── Dataset extract ──

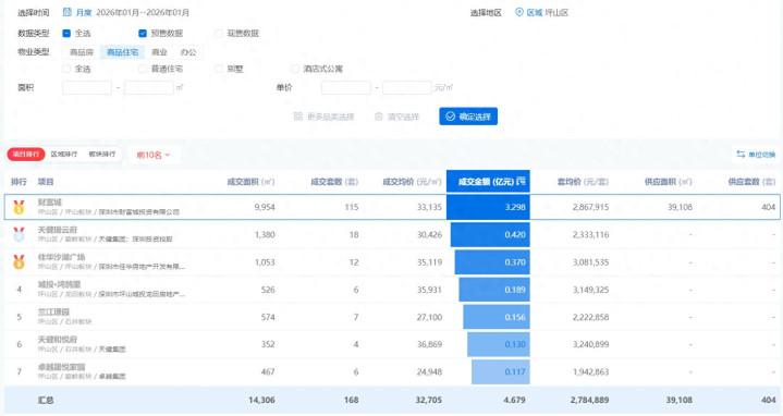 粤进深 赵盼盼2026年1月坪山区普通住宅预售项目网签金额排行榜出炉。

───
── Dataset extract ──

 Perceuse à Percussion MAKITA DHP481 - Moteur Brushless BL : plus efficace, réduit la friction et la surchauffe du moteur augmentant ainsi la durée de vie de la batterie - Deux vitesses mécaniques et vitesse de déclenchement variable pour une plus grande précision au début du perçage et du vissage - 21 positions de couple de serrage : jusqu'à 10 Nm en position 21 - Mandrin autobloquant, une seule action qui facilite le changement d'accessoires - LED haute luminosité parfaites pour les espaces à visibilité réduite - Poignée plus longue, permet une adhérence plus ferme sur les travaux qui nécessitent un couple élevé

───
── Dataset extract ──

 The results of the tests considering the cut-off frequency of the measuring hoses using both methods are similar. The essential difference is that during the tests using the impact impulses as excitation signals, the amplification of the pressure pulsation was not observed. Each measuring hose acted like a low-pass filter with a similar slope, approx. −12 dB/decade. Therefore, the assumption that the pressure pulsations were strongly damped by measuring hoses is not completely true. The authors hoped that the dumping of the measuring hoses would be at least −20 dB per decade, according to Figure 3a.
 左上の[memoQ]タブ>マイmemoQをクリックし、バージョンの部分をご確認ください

───

:: Exercise objective ::
Take the listing above and repeat exactly the lines from the one containing "The results of" through the one containing "左上の[memoQ]タブ>マ", both included.

:: Answer space ::
 The results of the tests considering the cut-off frequency of the measuring hoses using both methods are similar. The essential difference is that during the tests using the impact impulses as excitation signals, the amplification of the pressure pulsation was not observed. Each measuring hose acted like a low-pass filter with a similar slope, approx. −12 dB/decade. Therefore, the assumption that the pressure pulsations were strongly damped by measuring hoses is not completely true. The authors hoped that the dumping of the measuring hoses would be at least −20 dB per decade, according to Figure 3a.
 左上の[memoQ]タブ>マイmemoQをクリックし、バージョンの部分をご確認ください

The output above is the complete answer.